Anonymous 0 Comments

The language of the universe as it exists is spoken through math. Think of it as the foundation and structural integrity of your house. Now how we decorate the house is up to all of us that would be emotions and such.

Anonymous 0 Comments

We base them on the assumptions made about what we are modeling so if we’re modeling cellular division we base it off the math of one becoming two and two becoming 4 and so on. It gets more complicated but that’s the gist of it is that we just write the assumptions science is wanting to test in math form and they can extrapolate into models of the physical reality.

Anonymous 0 Comments

Experimental and modeler in physics here.

Fundamentally the reason we can’t do it is because it is too complex.

We can model the motion of TWO particles essentially perfectly. Once you get to three particles or more very small initial conditions can result in massively different final results. This is known as chaos.

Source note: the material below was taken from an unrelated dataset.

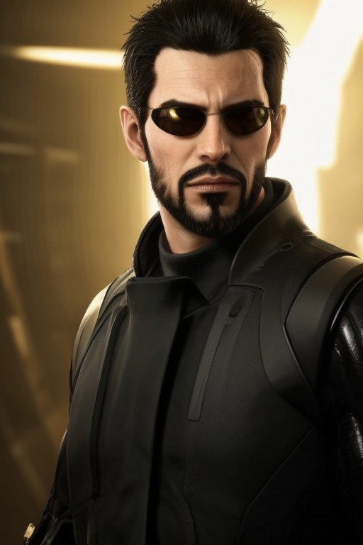 a portrait of a cyberpunk guy, 1boy, looks like Adam Jensen from the game deus ex human revolution, jensenDX, black hair, augmentations visible on skin, black sunglasses, environment lights mirroring on sunglasses, serious looking, beard, black leather trench coat, metallic and black chest armor, cybernetic connections and details from neck to chest and mechanical arms, holding high arm with nano blade exposed, realistic digital art, closeup, bokeh effect, focus on face, pic dominated by black, yellow and gold colors, outdoors by night, neon scifi street,

When we model systems we run multiple ‘samples’ and look at the average to predict a final results. This takes significant computer ‘power’. We can run millions of samples… but not billions. This because the runs of millions might take a few days. Billions would be tens of years.

Now consider that one cubic centimeter has 10^19 particles….or ten billion billion particles. Such a simulation would take millions of years.

Anonymous 0 Comments

Mathematics abd physics exist to allow us to understand the world we live in. It’s a framework/model. Physic try to explain how things are work. Mathematics is the framework used to define it.